The Vessantara jataka has for its theme the life of the noble prince who never stinted gifting anything begged of him. In fact, he gave away even the precious elephant, responsible for the prosperity of his realm, which caused him banishment from his own kingdom along with his wife and children. Finally, he gave away all that he had, including his chariot and horses and even his children and wife. The panels here show the banishment, Vessantara leaving the city in his chariot, his wife in the forest, his gift of his children to wicked Brahman Jujaka, the restoration of the children to their grandfather and the happy return of the prince and the princess.
The Mahakapi Jataka II recounts the tale of the monkey who rescued an ungrateful man from a deep pit. In spite of the latter's attempt to kill him, the monkey with a most magnanimous spirit, showed him the way out of the forest. The scenes depict the animal helping the man out of the pit and the ingratitude of the latter.
The Sarabhamiga Jataka gives the story of the king of Banaras helped out of a pit by a stag.
The Machchha Jataka narrates the legend of the Bodhisattva, who saved his kin from death by drought by making a solemn asseveration to bring down rain.

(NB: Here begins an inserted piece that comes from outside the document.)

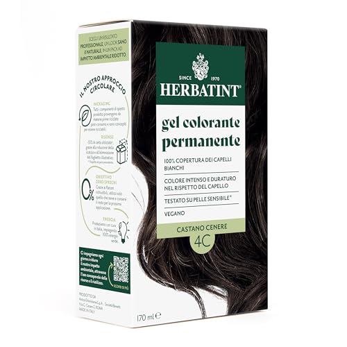 Herbatint Permanent hårfärgningsgel 4C askbrunt hår - 170 ml | Ammoniakfri, 100% täckning av vitt hår | för känslig hud, med 8 naturliga ekologiska extrakt
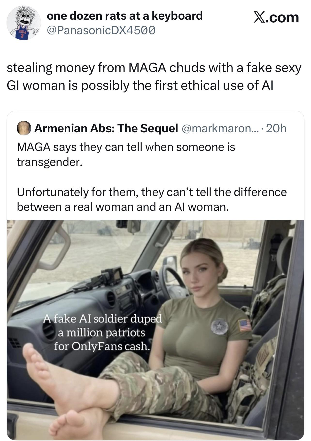 The story of Jessica Foster, the AI army influencer, is real though. It’s like a crazy enough story already, you don’t need to make up additional to be able make fun of them for this.

The Matiposhaka Jataka gives the story of the filial affection of the elephant who took care of his blind mother. Captured by the king of Banaras, he refused to touch food till the king, out of compassion, got him to return to his blind parent. The scenes painted depict the refusal of the elephant to touch food, his release and happy reunion with his mother.

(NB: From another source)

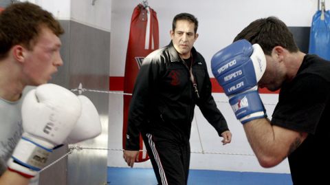 El recuerdo de aquella pelea todavía es amargo. No por no ser el primero, sino por no volver a tener la oportunidad de serlo. «En un salto en paracaídas sufrí un accidente grave y me rompí las rodillas. Con el tiempo han ido a peor y me dijeron que tenía que dejar de pelear», cuenta. Más de veinte años y siete operaciones después, fue esta caída el motivo por el que solicitó la baja de la Guardia Civil, el cuerpo al que dedicó media vida. Siempre con el boxeo presente. Fuera del ring, entrenando a otros. Supo seguir vinculado a lo que más le gusta. O Barco de Valdeorras, Navarra y ahora, y desde hace diez años, Vilagarcía son los lugares donde contagió su entusiasmo. Entre cincuenta y sesenta personas, depende del mes, entrenan con él. Primero fue el club. Después el local. Y, con la suma de ambos, empezó la difusión de la cara más amable del boxeo.

The Mahisha Jataka is the story of the Bodhisattva, who patiently put up with the antics of a monkey.
The Simhala Avadana narrates the story of Simhala, who accompanied by several merchants, was shipwrecked on a strange island of demonesses, who in the guise of beautiful nymphs, lured those unfortunately stranded there and gobbled them up. The Bodhisattva, born as a horse, offered to rescue the shipwrecked merchants, but those who stayed behind were destroyed by the ogresses. One of the latter followed Simhala in the guise of a beautiful woman, with a child in her arms, and claimed his as her husband before the king, who, struck by her beauty, made her his queen despite the advice of his ministers. This resulted in the gradual annihilation of the palace folk that were devoured by the demonesses. Simhala drove them out, set out with an army to reach their island, defeated them and became the ruler there.
The Sibi Jataka gives the story of a king who gladly gave away his eyes to a blind Brahman at his request, little knowing that it was Sakra himself in disguise. The panel has a short inscription Sibiraja painted in Vakataka letters.
The Ruru Jataka gives the story of the capture of the deer to preach the law to the king.
The Nigrodhamiga Jataka is the story of the Bodhisattva born as a compassionate deer, who offered himself to be killed in place of a pregnant doe to feed the king of Banaras. The ruler was so touched by this act of kindness that he adored the animal and listened to his sermon on karuna.
Cave 19 has panels representing Buddha with his begging-bowl before his son Rahula and Yasodhara.